After a great deal of uncertainty up until the very last minute, a compromise was ultimately found with the signature on 24 December 2020 of a “Brexit” Agreement (the "TCA") that purports to respect the red lines of both parties. The EU maintains the integrity of the single market and a robust enforcement mechanism. The UK achieves a free trade agreement for zero-tariff, zero-quota in trade in goods and avoids any role for the European Court of Justice in settling disputes (other than in Northern Ireland). On the other hand, it does not cover areas which were essential for the UK when it was part of the Union. In particular, services, which represent the vast majority of the UK economy, are by and large absent from the TCA.
FAMILIAR PROVISIONS, A BESPOKE MODEL
The TCA was inspired by trade agreements already concluded by the EU with third countries, whose terms are familiar to international trade and investment specialists. However, the level of economic integration achieved between the EU and the UK over almost 50 years makes this agreement unlike any other. Thus, while the TCA makes extensive reference to the provisions of WTO law, governing relations between the European Union and third countries, it also relies on additional provisions that reveal the proximity of the UK to the EU.
Although the TCA preserves a UK alignment with the EU in a number of respects, the UK has chosen to leave the customs union in favour of a free-trade area relationship with the EU. As a result, the degree of UK’s legal integration with the EU is substantially reduced and does not match the closer integration, at least from a trade and customs point of view, of certain agreements with other third countries in the region, namely:
Norway, Iceland and Liechtenstein, whose trade relationship with the EU is governed by the deeply integrative European Economic Area (EEA) agreement. For instance, under the EEA agreement, no anti-dumping or countervailing duties may be imposed by any party on industrial goods originating in the EEA. The same will not apply in EU-UK relationship;
Switzerland, which did not join the EEA but signed numerous wide-ranging sector-specific agreements with the EU. Even with other agreements in prospect, the TCA does not suggest a similar direction of travel to the level of market opening achieved by Switzerland; in this respect, Switzerland may also be viewed as enjoying closer links with the EU compared to post-Brexit UK.
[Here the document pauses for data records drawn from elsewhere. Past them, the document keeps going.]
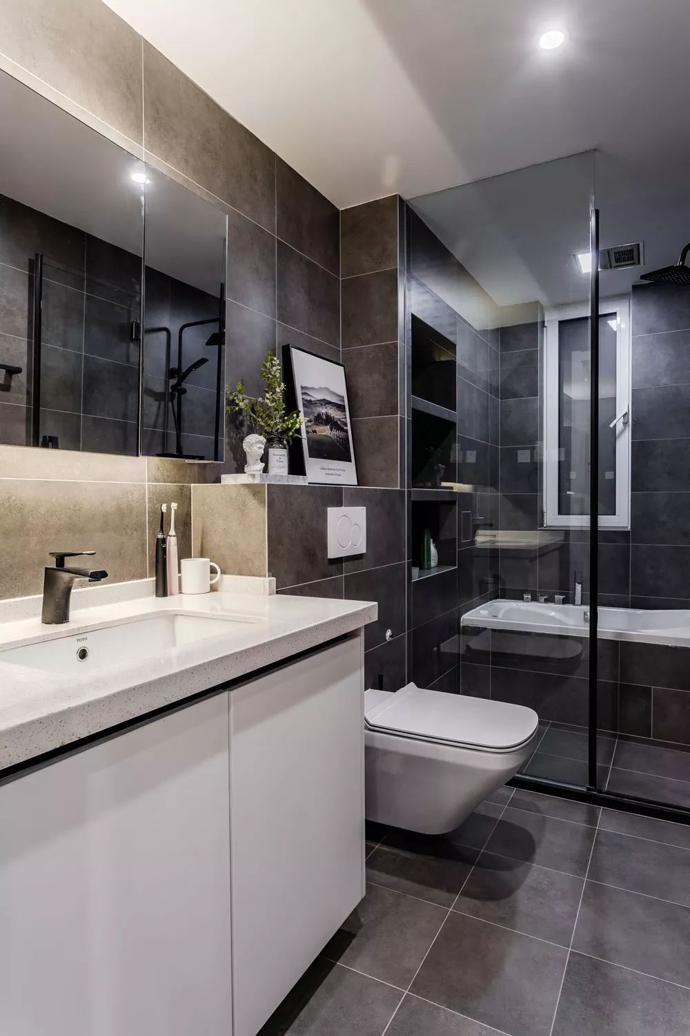 次衛的墻地面都鋪貼了灰色調的啞光磚,在淋浴區內還加入了浴缸,家長淋浴孩子就在一旁泡浴缸,共渡舒適有趣的家庭時光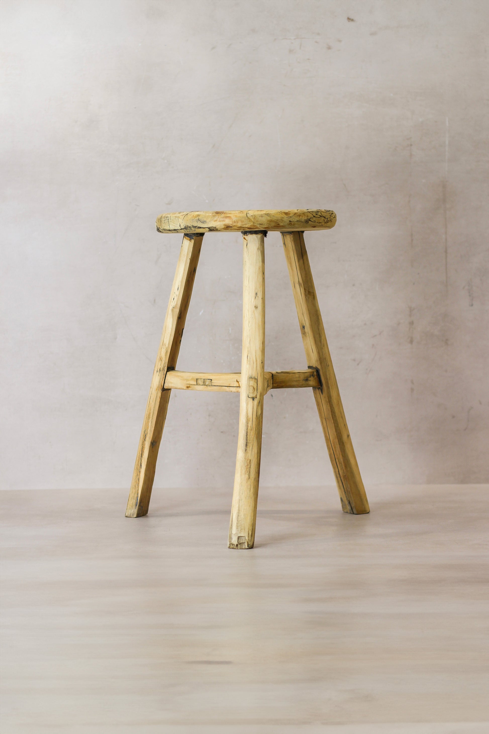 Vintage Rustic Elm Wood Stool - Round - No 50
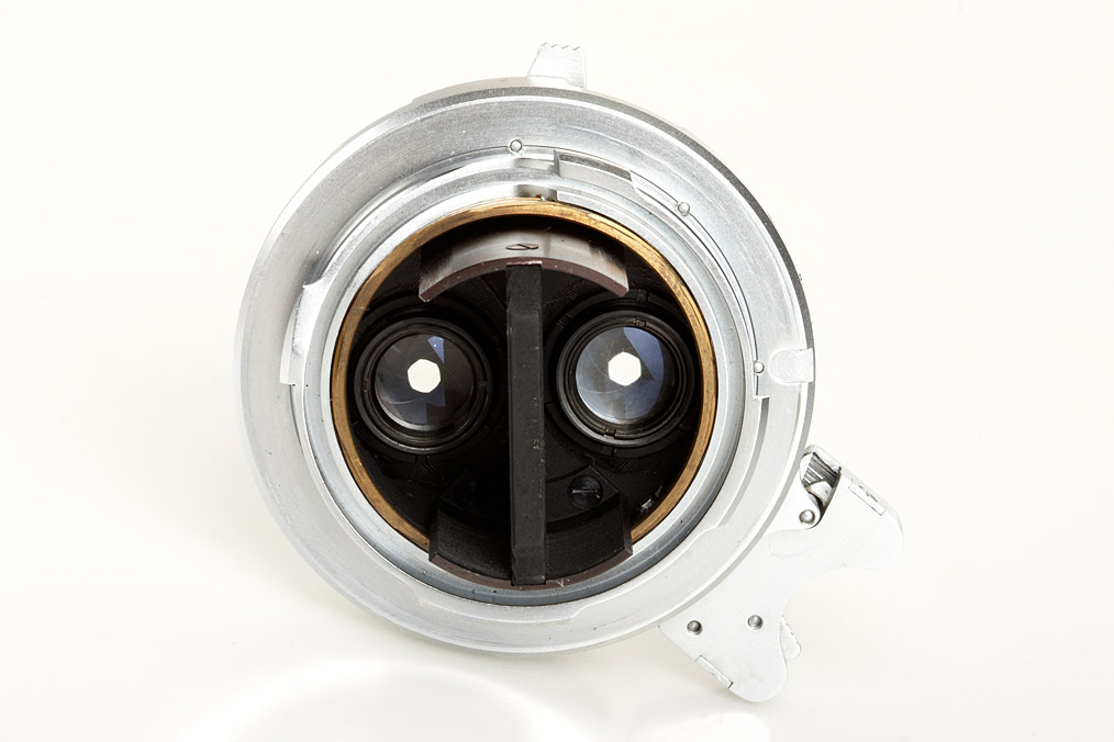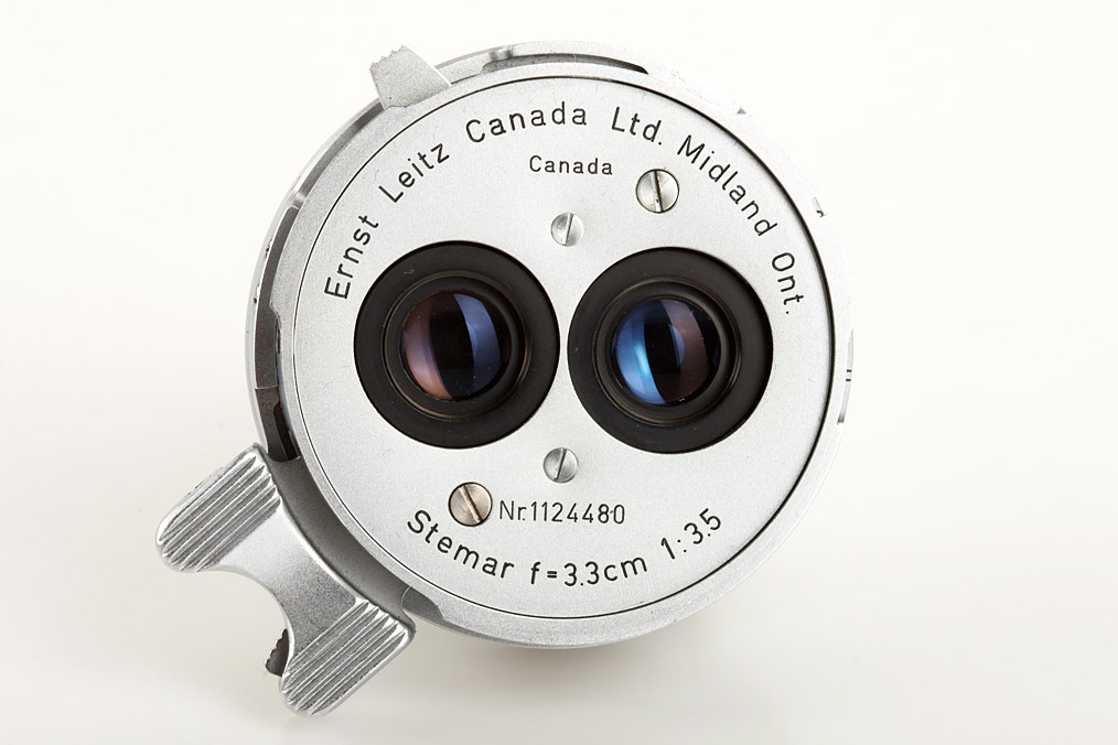 Stemar outfit with original M-mount (OIRZO, very few produced), mint and complete with both caps, 3.3cm finder, hood, prism no.1631 with caps, in red maker's box, OIPVO stereo viewer with 10 stereo slides, very rare IMPUU stereo projection lens with both caps in maker's box, engraved: Ernst Leitz Midland Canada Ltd. Midland Ont.Canada Elmar f=5cm 1:3.5, with Prado 150 in case

Against this background, from a trade point of view, the UK’s relationship with the EU, although of a rather particular nature to the UK's lengthy past EU membership, may be more accurately compared to that of a non-European third country like Japan with which the EU has signed an Economic Partnership Agreement including a far-reaching trade component. This may provide the UK with more ability to diverge on trade relationships and create some regulatory arbitrage in a way that other third countries, like Switzerland or Norway, cannot.